- The Washington Times - Monday, December 17, 2001

Two Harford County, Md., men facing first-degree murder charges for killing a burglar who broke into their warehouse are drawing national attention to their case with a Web site that asks: "When is it right to deny people their right to defend themselves?"
"Never" is the answer offered by Kenny Der and Darrell R. Kifer on their Web site at www.kennyder.org.
Mr. Der and Mr. Kifer, both 35 and of Fallston, are to be arraigned Jan. 18 in Baltimore Circuit Court on first-degree murder charges in the fatal shooting of Tygon Walker in June 2000. They shot Mr. Walker, 37, after he broke into the east Baltimore warehouse of their furniture and wood-refinishing business.
The business owners could face the death penalty, if convicted.
"It blows my mind how blatantly ridiculous it is that they got indicted [last month]," said Ken Brady, a Towson restaurateur who is listed on the Web site as the manager of the Kenny Der Legal Defense Fund.
The Web site not only seeks donations for the defense fund but also encourages visitors to write to Baltimore Mayor Martin O'Malley, who has gained statewide prominence for his anti-crime programs, and to ask: "Where is the justice when we as Americans are punished for protecting ourselves from criminals who threaten to kill us?"

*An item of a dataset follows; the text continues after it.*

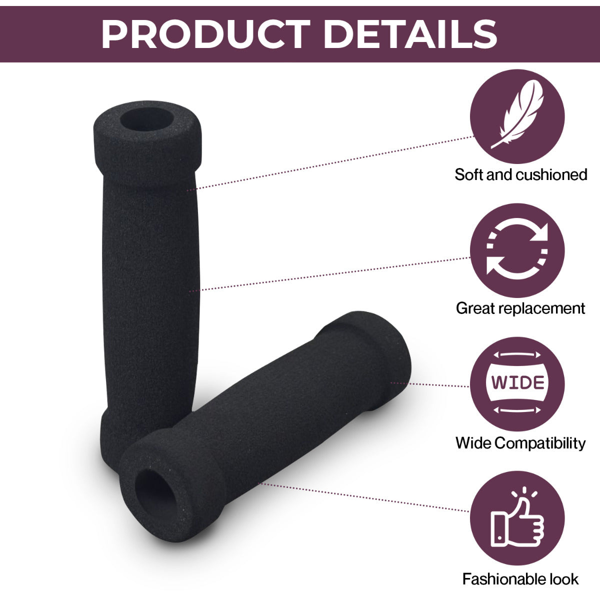 - Set of two foam handlebar grips

Mr. Der's attorney, Joseph Murtha, said a similar Web site for one of his famous clients, Linda R. Tripp, raised hundreds of thousands of dollars for the former Pentagon worker who secretly recorded former White House intern Monica Lewinsky talking about her affair with President Clinton.
Maryland State's Attorney Patricia C. Jessamy said she has received "a few letters" about the case but that they won't affect the decision to prosecute the two men as criminals.
Mr. Walker had a criminal record of breaking and entering in Baltimore. Police records show he was convicted of felony theft in 1994.
Mr. Murtha said his clients shot and killed Mr. Walker with a shotgun and a pistol, both of which were legally registered. Shortly after the shooting, Mr. Der and Mr. Kifer called 911 and told police someone had entered their business armed with a hammer.
"Darrell Kifer and Kenny Der killed in self-defense. It would be wrong to convict people that aren't criminals," Mr. Murtha said.
Miss Jessamy calls the two businessmen criminals.
"We have a comprehensive strategy in Baltimore for dealing with crimes with guns and reducing gun violence," Miss Jessamy said. "The killing [of Mr. Walker] was not a typical street crime, but it is a crime that needs to be prosecuted."
Miss Jessamy said the two are being prosecuted because evidence convinced a Baltimore grand jury that they may be guilty of murder.
"The situation and facts weighed heavily on the minds of the grand jury, I'm sure," she said.
Mr. Murtha cited a similar case that played out in March in Baltimore County to support his contention. A grand jury let two brothers Dominic "Tony" and Matthew Geckle off the hook after they killed an unarmed man and injured two others who broke into their concrete plant.
The Geckle brothers had endured a string of late-night break-ins at their Glyndon business and were guarding it on a hunch the burglars might return. A grand jury ruled the brothers were protected from prosecution under self-defense.
"There are definitely things that distinguish my clients' case from that case," Mr. Murtha said. "The Geckle brothers were lying in wait for the burglars; Darrell and Kenny were literally working."
Mr. Brady, who owns a franchise restaurant where Mr. Der and Mr. Kifer were regular late-night customers, said the men told him their warehouse had been broken into several times.
On the night of the killing, "my friends were hustling on deadline to complete a refinishing project that was due to a customer the next day," he said.
A source close to the case who asked not to be identified suggested that race may be a key factor in why the men are being tried for murder.
Mr. Der is the eldest son of two Chinese immigrants, Mr. Kifer is white, and Mr. Walker was black. Everyone involved in the Geckle case, including the man who died, was white.
But Miss Jessamy said "race has had nothing to do with this."
A sister of the man killed by the Geckle brothers told the Baltimore Sun last week that the two cases show that, in Maryland, justice depends on where you live.
In Greenbelt, an armed robbery suspect died Tuesday after he was shot by a gas station owner. On Friday, four members of a band of armed thieves were arrested after a pedestrian in Langley Park was stabbed to death and a McDonald's restaurant manager was shot and killed in Lanham.